Each and every line below goes into your answer unchanged, but leave out the images.

— Provided material —
- - -

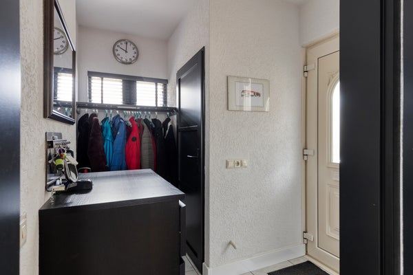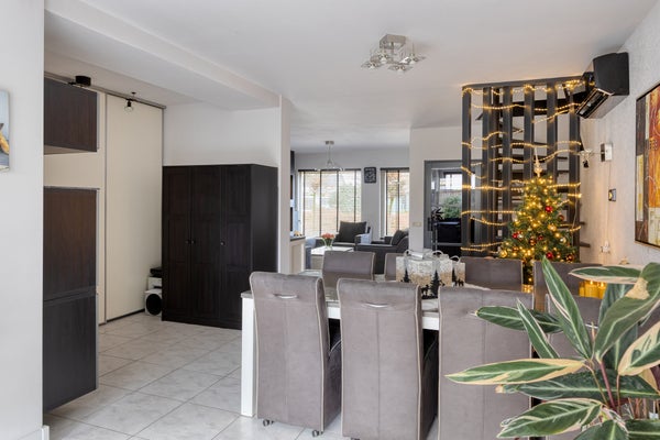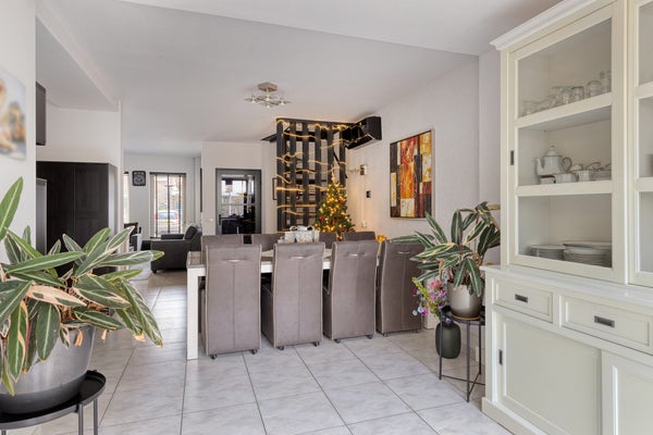 Bij binnenkomst in de hal vindt je vloerverwarming en een betegelde toiletruimte. De royale woonkamer met airco heeft een schuifpui naar het overdekte terras. De open keuken is modern ingericht en toegang tot de tuin. Op de eerste verdieping zijn drie slaapkamers en een geheel betegelde badkamer met douche en toilet. De tweede verdieping herbergt een ruime zolderkamer.
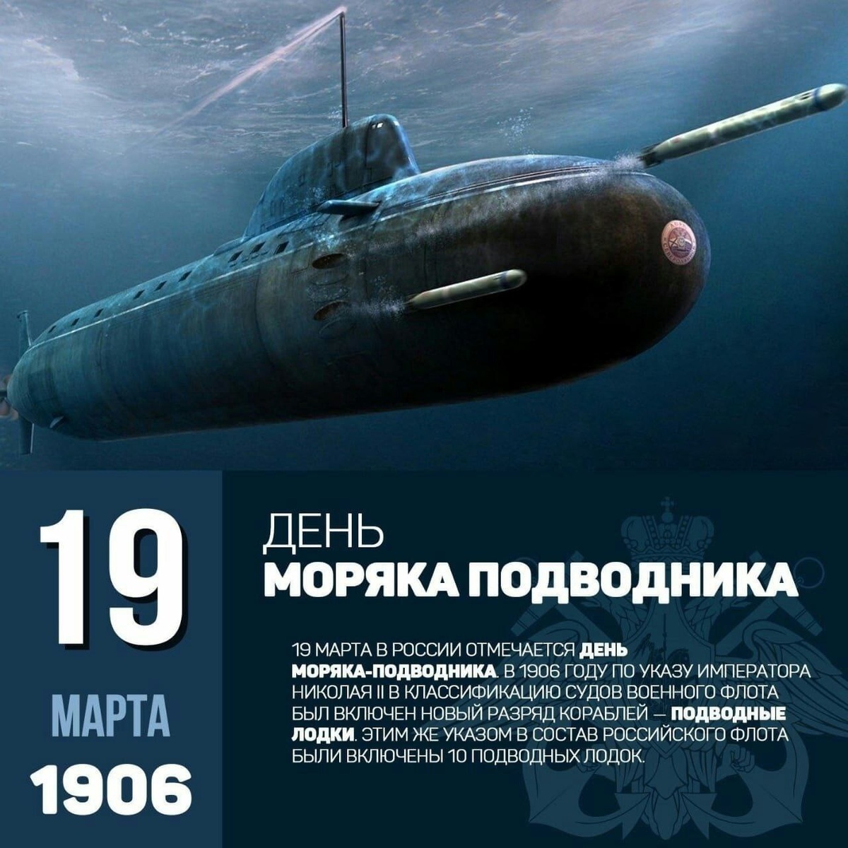 ⚓️ 120 лет назад 19 марта 1906 года Николай II своим указом включил в классификацию судов военного флота новый класс боевых кораблей — подводные лодки. В состав Российского флота были включены 10 подводных лодок с базированием первого соединения подводных лодок в русской военно-морской базе в городе Либава.(С 1920 года Лиепая — город в Латвии). ⚓️ Подводные лодки развивались от деревянных и жестяных лодок до тяжёлых атомных подводных крейсеров. "Потаённое судно" пытались создать ещё при Петре I. Эта идя неоднократно обсуждалась в правительственных кругах России в 17 - 19 веках. ⚓️ В 1879-1881 годах по проекту Джевецкого были построены 50 подводных кораблей. Эти лодки приводились в действие мускульной силой гребца, а предназначались они для обороны приморских крепостей. ⚓️ В декабре 1900 года специальная комиссия приступила к проектированию нового класса подлодок "Миноносец". Позже был переименован в "Дельфин". ⚓️ В марте 1906 года утвердили новый корабельный регламент, в него вклю
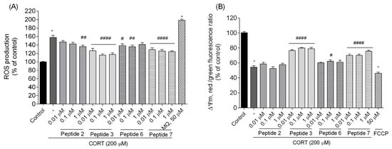 Effects of peptides on (A) intracellular ROS generation and (B) ΔΨm measurement. Neuroblastoma cells were exposed to peptides 2, 3, 6, and 7 (0.01–1 µM) and CORT (200 µM) for 24 h. In the ROS experiment, menadione (MQ, 50 µM) was used as a positive control. In the ΔΨm measurement, carbonylcyanide-p-trifluoromethoxyphenylhydrazone (FCCP, 50 µM) was used as a positive control. ΔΨm was expressed as a ratio of red (λex = 540/λem = 590 nm) to green (λex = 490/λem = 525 nm) fluorescence. All the data were presented as mean ± SEM of three independent experiments. The statistically significant changes are indicated by asterisks (ANOVA, Dunnett’s test): * p < 0.0001 as compared to control, and # p < 0.05, ## p < 0.01, #### p < 0.0001 as compared to CORT-treated cells.
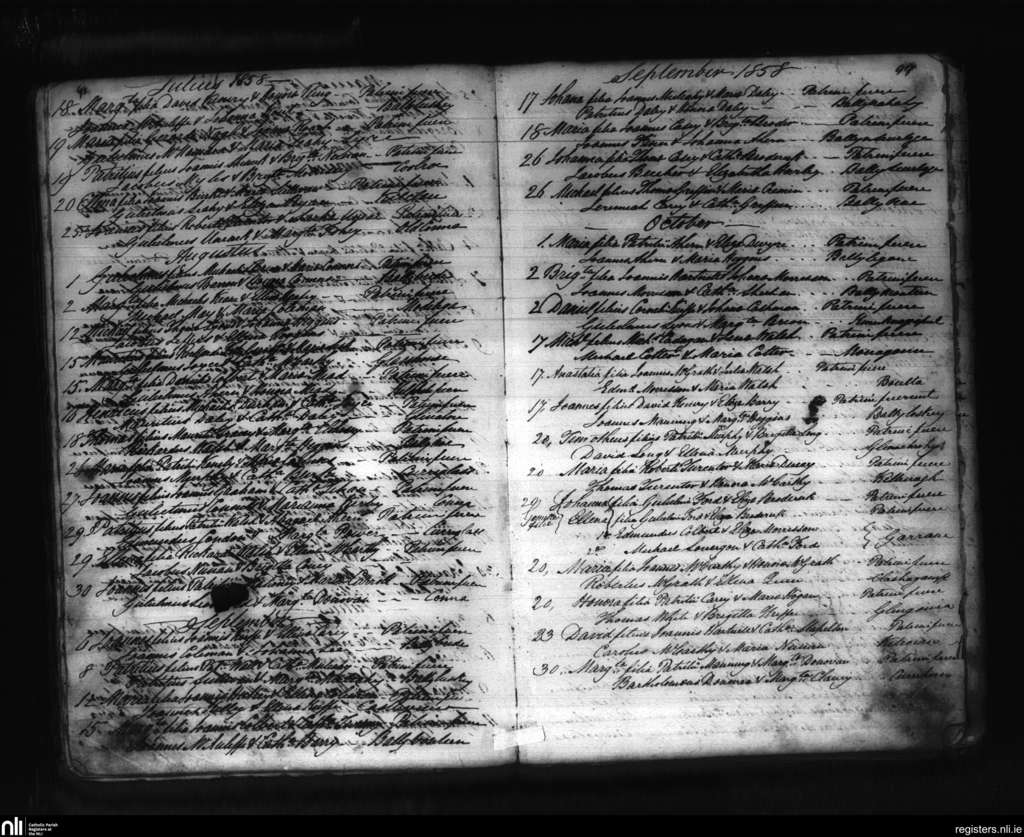 Conna; County of Cork; Diocese of Cloyne. Baptisms, July 1858 to Oct. 1858

- - -

— Written response —
 Bij binnenkomst in de hal vindt je vloerverwarming en een betegelde toiletruimte. De royale woonkamer met airco heeft een schuifpui naar het overdekte terras. De open keuken is modern ingericht en toegang tot de tuin. Op de eerste verdieping zijn drie slaapkamers en een geheel betegelde badkamer met douche en toilet. De tweede verdieping herbergt een ruime zolderkamer.
 ⚓️ 120 лет назад 19 марта 1906 года Николай II своим указом включил в классификацию судов военного флота новый класс боевых кораблей — подводные лодки. В состав Российского флота были включены 10 подводных лодок с базированием первого соединения подводных лодок в русской военно-морской базе в городе Либава.(С 1920 года Лиепая — город в Латвии). ⚓️ Подводные лодки развивались от деревянных и жестяных лодок до тяжёлых атомных подводных крейсеров. "Потаённое судно" пытались создать ещё при Петре I. Эта идя неоднократно обсуждалась в правительственных кругах России в 17 - 19 веках. ⚓️ В 1879-1881 годах по проекту Джевецкого были построены 50 подводных кораблей. Эти лодки приводились в действие мускульной силой гребца, а предназначались они для обороны приморских крепостей. ⚓️ В декабре 1900 года специальная комиссия приступила к проектированию нового класса подлодок "Миноносец". Позже был переименован в "Дельфин". ⚓️ В марте 1906 года утвердили новый корабельный регламент, в него вклю
 Effects of peptides on (A) intracellular ROS generation and (B) ΔΨm measurement. Neuroblastoma cells were exposed to peptides 2, 3, 6, and 7 (0.01–1 µM) and CORT (200 µM) for 24 h. In the ROS experiment, menadione (MQ, 50 µM) was used as a positive control. In the ΔΨm measurement, carbonylcyanide-p-trifluoromethoxyphenylhydrazone (FCCP, 50 µM) was used as a positive control. ΔΨm was expressed as a ratio of red (λex = 540/λem = 590 nm) to green (λex = 490/λem = 525 nm) fluorescence. All the data were presented as mean ± SEM of three independent experiments. The statistically significant changes are indicated by asterisks (ANOVA, Dunnett’s test): * p < 0.0001 as compared to control, and # p < 0.05, ## p < 0.01, #### p < 0.0001 as compared to CORT-treated cells.
 Conna; County of Cork; Diocese of Cloyne. Baptisms, July 1858 to Oct. 1858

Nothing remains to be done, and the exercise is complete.